Exercise aim >>
Would you please return only the lines from the one with "另外鉴于上面说的食品品质要求" through the last line of the records below, leaving the pictures out?

*** Information supplied

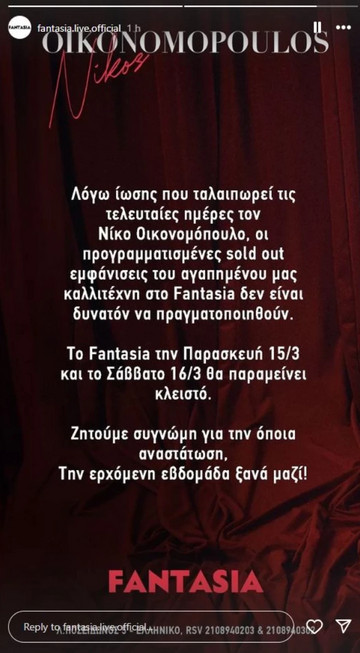 Όπως ενημέρωσε το μαγαζί με ανάρτηση στο Instagram, τις τελευταίες ημέρες μια ίωση ταλαιπωρεί τον τραγουδιστή και τον εμποδίζει να συνεχίσει ομαλά τις επαγγελματικές του υποχρεώσεις.
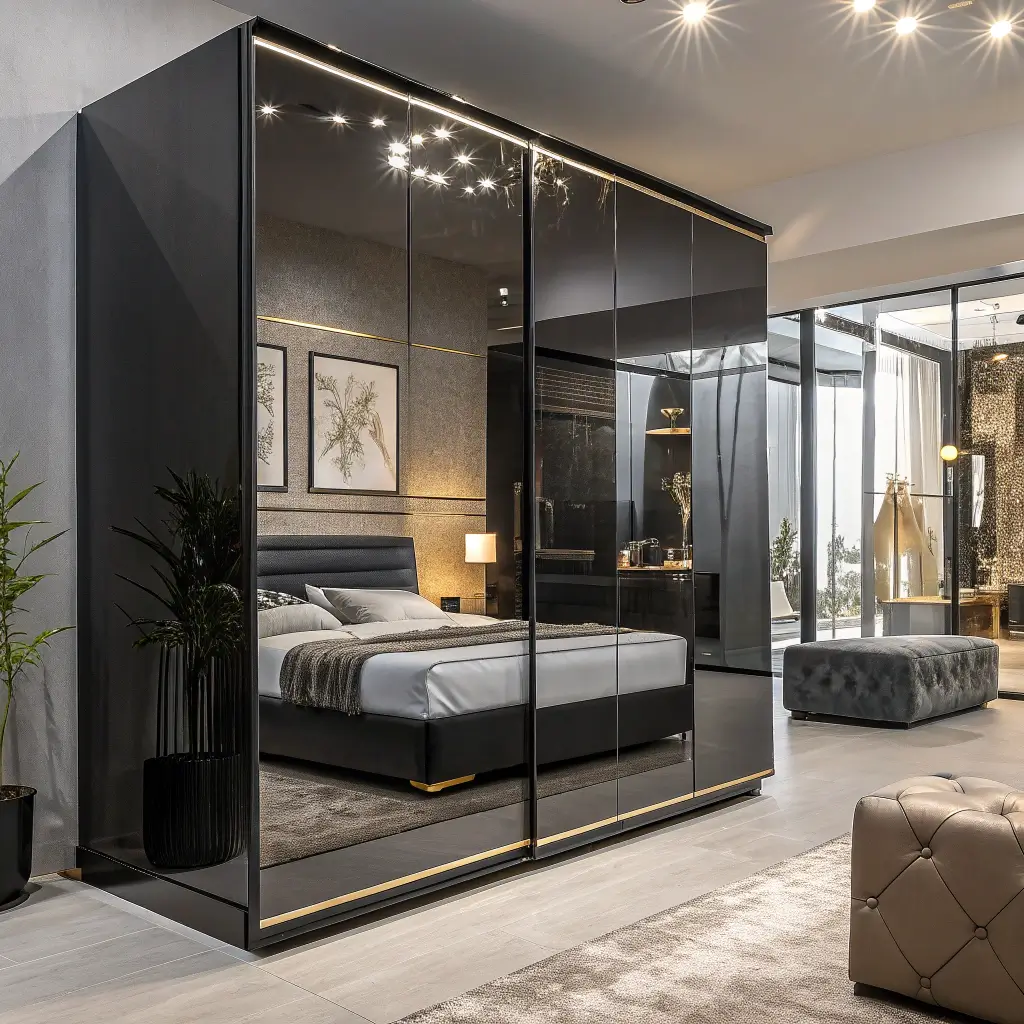 The reflective surface bounces light around the room, making everything feel brighter and more spacious. Plus, checking your outfit before leaving becomes infinitely easier when your entire wardrobe is also your mirror.
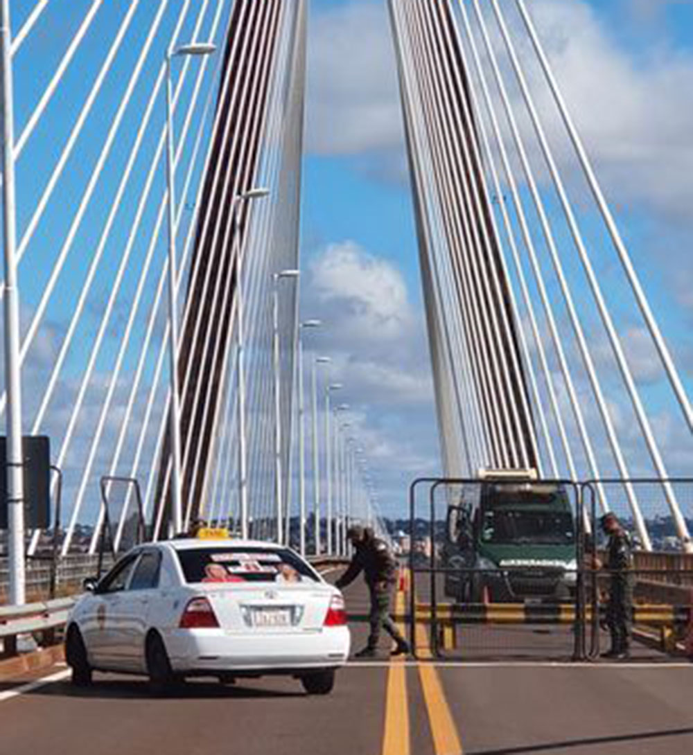 La iniciativa de la fuerza quedó plasmada en una fotografía y en la misma se observa al personal colocando la valla en el viaducto internacional que une Encarnación con Posadas.
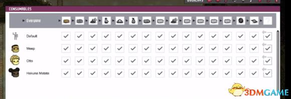 另外鉴于上面说的食品品质要求,这里多了一个消耗品的使用界面,简单来说就是你可以选择小人吃什么,唔,食物还挺多的
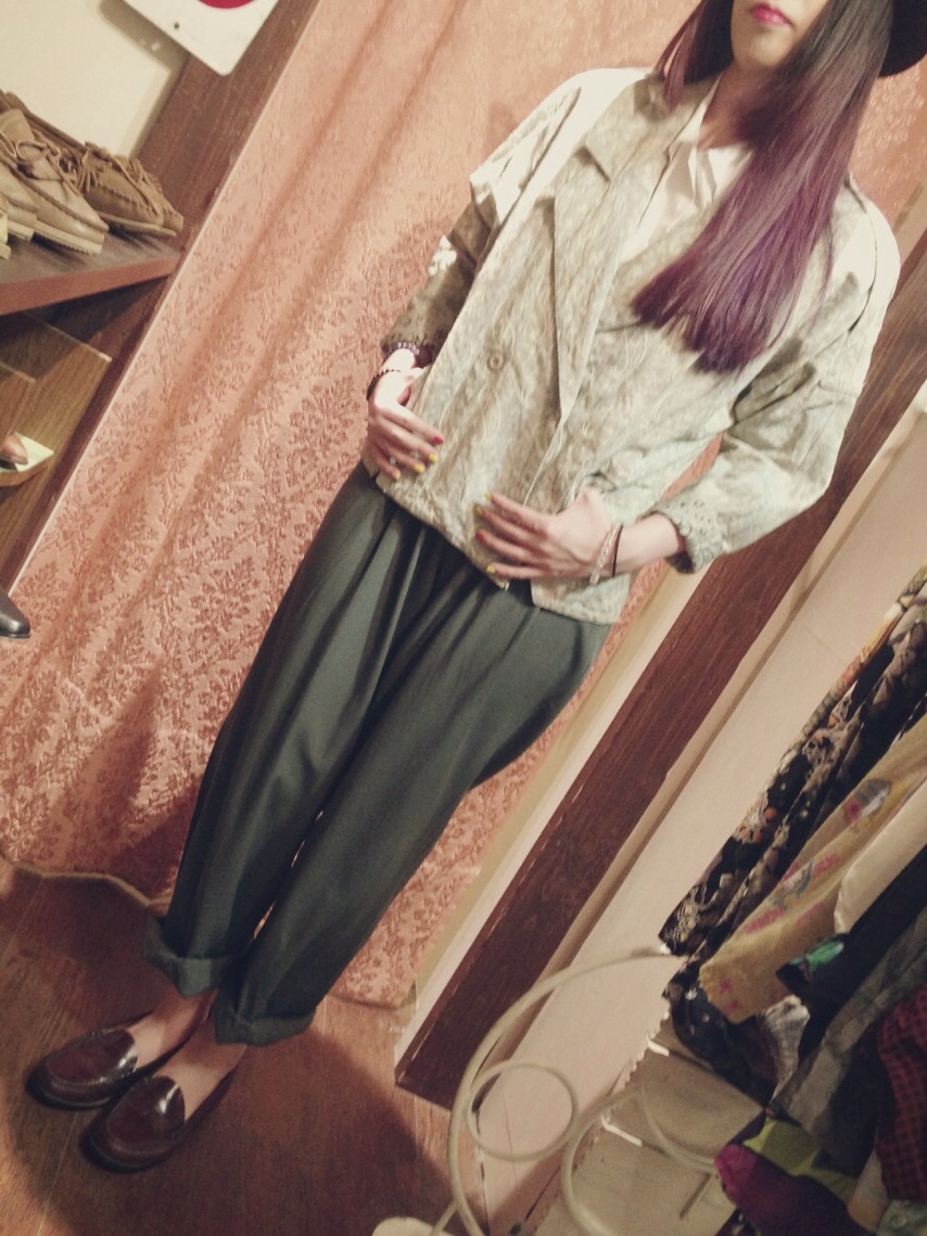 ブラウスとグリーンのパンツで秋らしく落ち着いたコーデにしてみました

******

Answer below >>
 另外鉴于上面说的食品品质要求,这里多了一个消耗品的使用界面,简单来说就是你可以选择小人吃什么,唔,食物还挺多的
 ブラウスとグリーンのパンツで秋らしく落ち着いたコーデにしてみました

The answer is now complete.